It is the start of a new school year and administrators are scrambling to fill their classrooms with qualified teachers. The problem is that they are hard to find.
There are many reasons for the shortage in teachers across America. Some teachers after starting out, are finding that it is just not for them. Many are choosing to go into a different line of work. Teachers from the “Baby Boom” era are retiring in droves. Many young teachers are dissatisfied with the “No Child Left Behind” law. The stronger emphasis on testing more is frustrating teachers. There has been a lot of negative news this past year on education, too. It seems like everyday there is a teacher going to court or jail over their actions with students of the opposite sex.
It takes a good five years before a young teacher has the full experience to hit their stride as a good qualified educator. The thing is that most teachers are leaving the profession before that happens. The National Education Association (NEA) claims that 24% of all teachers nation wise have less than 4 years experience. In some remote areas of the country, it is even higher than that.
Younger teachers rely on the older teachers for support and advise in dealing with certain situations of teaching and discipline. The problem is that there are less older teachers to help out. This problem has been growing the past five years and is getting worst.
Finances have also played a major part in the teacher reduction,too. Many school districts are financially strapped for money. Young teachers are hired and after a year or two, they move on to a better paying district. Smaller districts require teachers to do other things. Some are asked to coach or supervise other extracurricular activities. Many young teachers just starting out ,would rather work to get their classes on solid ground first. However, since a lot of teachers don’t have tenure, they have to do what the district wants. Many are doing coaching jobs that they aren’t qualified to do. Teaching plus coaching means long hours. This also means nights away from their family.
Many young teachers begin their professions with high expectations. However, after a few short months, they realize that have made the wrong decision. Add to this, the attraction of major industry sweeping up science and math educators. The field of technology is growing so fast that these two areas are offering well paying jobs in the commercial sector.
To help solve the teacher shortage, many retired teachers are being coaxed to come back out of retirement. A lot of retired teachers are hindered by their retirement benefits in returning to the classroom. If they return to full time work, they could lose their retirement checks. Some States will let teachers return but, only on a part time basis.

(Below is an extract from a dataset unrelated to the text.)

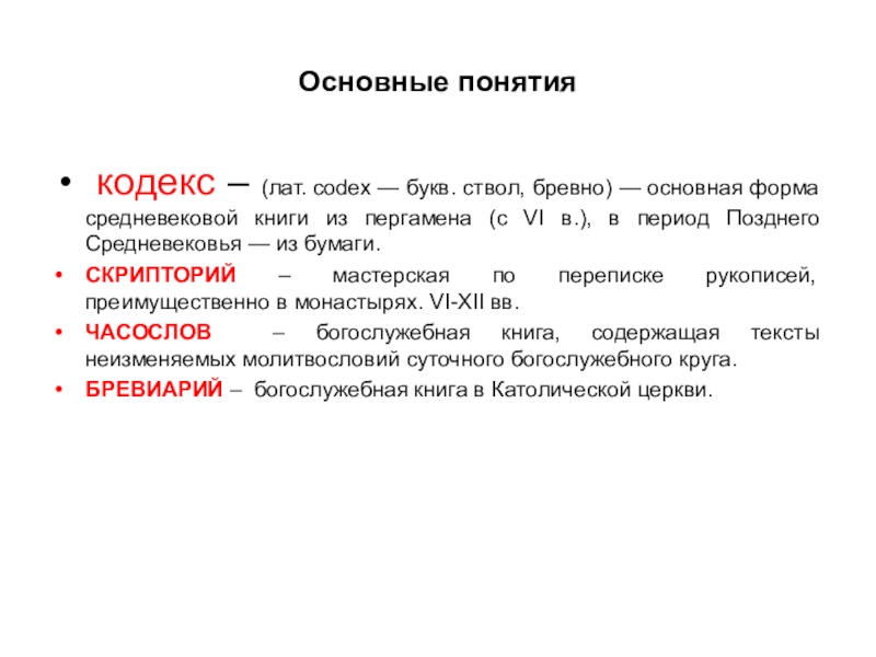 Основные понятия кодекс – (лат. codex — букв. ствол, бревно) — основная форма средневековой книги из пергамена (с VI

It would appear that many States are going to have to waive their rules on retirement, if they want qualified teachers in the classrooms.
The Illinois Education Research Council claims that experience isn’t everything. Young enthusiastic teachers with new up to date ideas and teaching philosophies can do wonders in the classroom. However, the trick is to keep them motivated. This is where the five year hump comes into play. Administrators have to find a way to getting their teachers to that point and past it.
Each year new teachers are required to take certification tests to prove their competence in teaching. Some of these tests have become over whelming and just aren’t worth going through for many new teachers.
Young college students don’t get any real experience until their Senior year in College when they do their Student Teaching. Then, when they step into a classroom for the first time, they realize what is involved and are immediately turned off. They quickly realize that they have wasted years of money and training for something that they don’t want to do.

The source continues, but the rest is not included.